Air guide structure of air conditioner indoor unit, air supply control method of air conditioner indoor unit, air conditioner indoor unit and storage medium

Technical Field

The invention relates to the technical field of air conditioners, in particular to an air guide structure of an air conditioner indoor unit, an air supply control method of the air conditioner indoor unit, the air conditioner indoor unit applying the air supply control method of the air conditioner indoor unit, and a computer readable storage medium applying the air supply control method of the air conditioner indoor unit.

Background

When current air conditioner refrigeration or heat, often through single air guide plate wind-guiding, the air-out direction of air conditioner can not satisfy user's demand, can not adjust the air-out direction of air conditioner according to user's demand, and user experience feels relatively poor.

In order to solve the above problems, in an existing air conditioner, a first air deflector and a second air deflector are respectively arranged at the top and the bottom of an air outlet, and air outlet volume, air outlet angle and the like can be controlled by adjusting an air guide door and an angle, so that cold and hot air is prevented from blowing directly while the heat exchange quantity is maximized, and the comfort is improved. However, in the scheme, the first air deflector and the second air deflector both adopt a flip-open manner to adjust the angle, and the control manner of the air deflectors still has the problem of small air deflection angle.

In addition, in the actual use process of the user, the requirements of different user scenes and different target areas on air supply are inconsistent, for example, large air volume and long-distance air supply are needed when a living room meets, and short-distance and wide-angle air supply is needed when a sofa sees a movie; different users have different requirements on the air supply angle of the air conditioner under different working conditions, for example, when the air conditioner is just started for refrigeration in summer and heating in winter, cold air and hot air are directly blown to realize quick refrigeration and heating, but cold air is not blown to people and hot air does not float upwards under the condition that the indoor temperature is relatively comfortable.
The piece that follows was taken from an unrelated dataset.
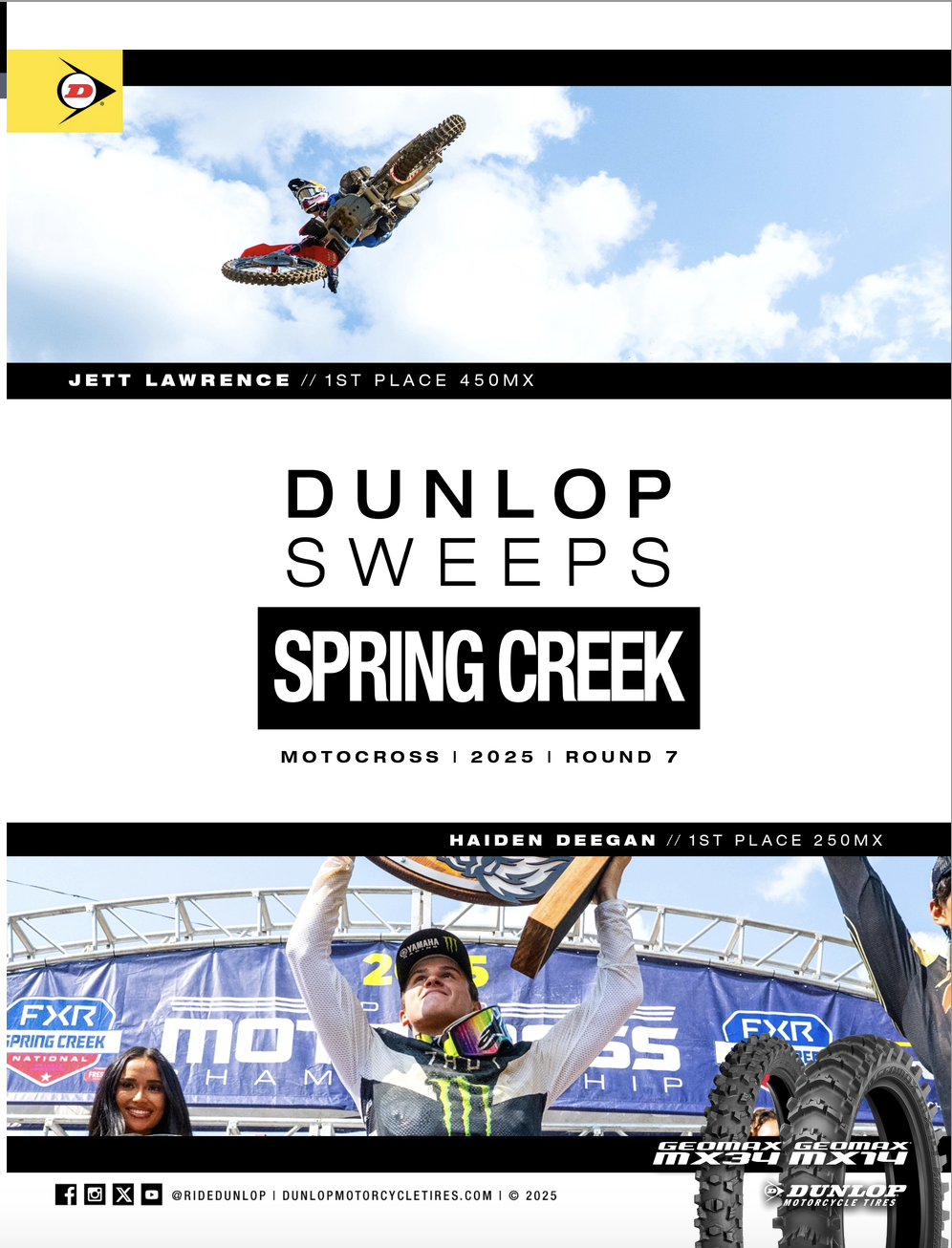 To the winners go the spoils, and in this case, the whole Spring Creek National was a big winner. The track was epic, the place packed with fans, everyone got to see Jeremy Martin go out like a lion, and they also saw another set of overall wins for series points leaders Haiden Deegan and the still-unbeaten (in overalls anyway) Jett Lawrence, though Jett did lose a moto to big brother Hunter. Some of the main backers of the riders mentioned above went to Cycle News with a fresh batch of wins ads from Yoshimura (for Jett), Yamaha (for Haiden), and Dunlop (for both). Additionally, there were a couple of farewell send-off ads for J-Mart, who really stole the show at his home race. Well done, FMF and Yamaha.

The existing air supply mode of the air conditioner can not intelligently meet different air supply requirements of users, can not realize personalized air supply, can not only cause energy waste, but also influence the comfort of human bodies.

Disclosure of Invention

The invention aims to provide an air guide structure of an air conditioner indoor unit, which can increase the air supply angle adjusting mode.

The second purpose of the invention is to provide an air supply control method of an air conditioner indoor unit, which can meet various comfort requirements.

The third purpose of the invention is to provide an air conditioner indoor unit which can meet various comfort requirements.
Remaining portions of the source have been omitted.